# Paracord



## Tag (Jun 11, 2014)

I use the inner nylon from the paracord to tie the cuffs on my slingshot tubes. I also use the paracord casing for my laynyards. I also found it is a great way to tie the lever on my self propelled mower????‍♂ I mean it’s my yard, my mower so that’s what I do???????????????? great stuff


----------



## Sean Khan (Mar 27, 2020)

This shiny stretchy string is what I use to tie bands, tubes, pouches. Wrap and tuck with this and your bands ain't going nowhere.

https://www.daraz.pk/products/elastic-thread-elastic-string-for-making-elastic-bracelets-i126828309-s1285330564.html?spm=a2a0e.searchlist.list.1.6f1d4223XOWRpg&search=1

Notice the white elastic on the forks:









I have no idea what "paracord" is. I have cotton cord, nylon, jute twine (pretty useless), polypropylene ribbon and PET bottle string (heat shrinkable).

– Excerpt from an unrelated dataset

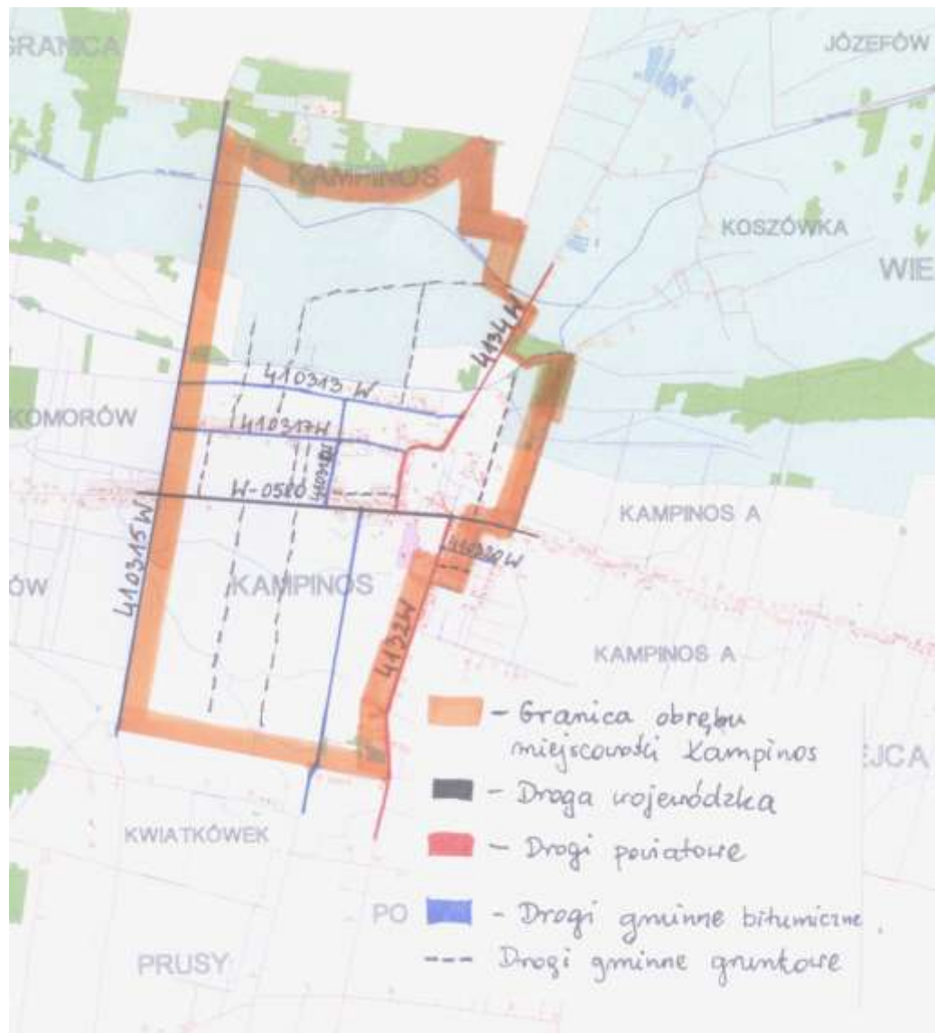
Rys.3. Układ sieci drogowej.

Przez Kampinos przebiegają 2 drogi powiatowe: nr 4132W prowadząca z Kampinosu do Niepokalanowa oraz nr 4134W prowadząca z Kampinosu do miejscowości Górki. Poniżej w tabeli przedstawiono zestawienie dróg przebiegających przez Kampinos. Komunikację z Warszawą prowadzą: PKS Grodzisk Mazowiecki Sp. z o.o. oraz prywatni przewoźnicy.

I have seen paracord online but have never clicked on 'buy this item'. I assume it has the same feel as that of a shoelace?


----------



## raventree78 (Apr 20, 2016)

avinor said:


> This shiny stretchy string is what I use to tie bands, tubes, pouches. Wrap and tuck with this and your bands ain't going nowhere.
> 
> https://www.daraz.pk/products/elastic-thread-elastic-string-for-making-elastic-bracelets-i126828309-s1285330564.html?spm=a2a0e.searchlist.list.1.6f1d4223XOWRpg&search=1
> 
> ...


Military grade paracord will hold 550 pounds and is a outer tube with 7 inner strands, all synthetic. The decorative stuff is not quite so strong but is still very tough.

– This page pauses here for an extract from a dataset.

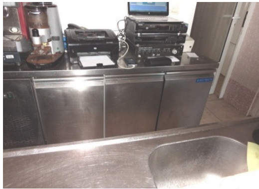
Slika broj 3-9 -Inventarni broj 163
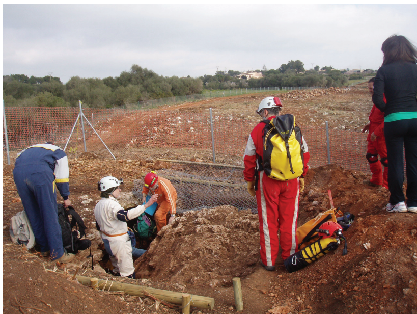
Figura 1: Accés a la cova Novella de na Llebrona descobert durant les tasques de construcció d'una nova carretera.

La cavitat que ens ocupa es troba excavada en la seva totalitat en els materials calcarenítics del Miocè superior que formen la franja litoral de la Marina de Manacor. La cova no arriba als materials mesozoics del basament plegat, fet que sí que succeeix a la cova de s'Ònix (GINÉS et al. , 2007) localitzada devers 1 km cap al NW. L'estructura de les dues sales que integren la cova és la d'un dom o volta d'esfondrament de prop de 50 m de radi màxim que s'estén en direcció W des de les boques de la cavitat, formant una mena de ventall descendent que abraça en planta més de 180°; és a dir,

Paracord is very handy and after you cut it you can keep it from fraying by melting the end a little with a heat source. A paracord wrap can be tightened by pouring hot water over it.


----------



## devils son in law (Sep 2, 2014)

I like paracord, its very useful and I have always liked tinkering with knots and braids.


----------



## Alfred E.M. (Jul 5, 2014)

*Lately I've discovered 95 paracord at Michael's. It's basically the same product (sheathed synthetic strands, ends can be melted together) but much thinner than 550.*

*It satisfies my lanyard minimalist mindset and is certainly strong enough to keep a frame from going off the reservation.*


----------



## Sean Khan (Mar 27, 2020)

raventree78 said:


> Military grade paracord will hold 550 pounds and is a outer tube with 7 inner strands, all synthetic. The decorative stuff is not quite so strong but is still very tough.
> 
> Paracord is very handy and after you cut it you can keep it from fraying by melting the end a little with a heat source. A paracord wrap can be tightened by pouring hot water over it.


It can be tightened by pouring hot water on it....?.. exactly what I wanted to know without realizing that was what I wanted to know.

Obviously the "550" in the name means it will hold 550 pounds, like you said. Now I know what the "550" means.

Found it...

https://www.daraz.pk/catalog/?q=paracord&_keyori=ss&from=input&spm=a2a0e.home.search.go.35e34937mxxXd7

Will get. Thanks.


----------



## BushpotChef (Oct 7, 2017)

I love 550 cord for a million things, its the duct tape of cordage lol. The guts are awesome as wrap and tuck loops

Sent from my LM-X210APM using Tapatalk


----------



## Tag (Jun 11, 2014)

To Michaels I go, thanks Alfred


----------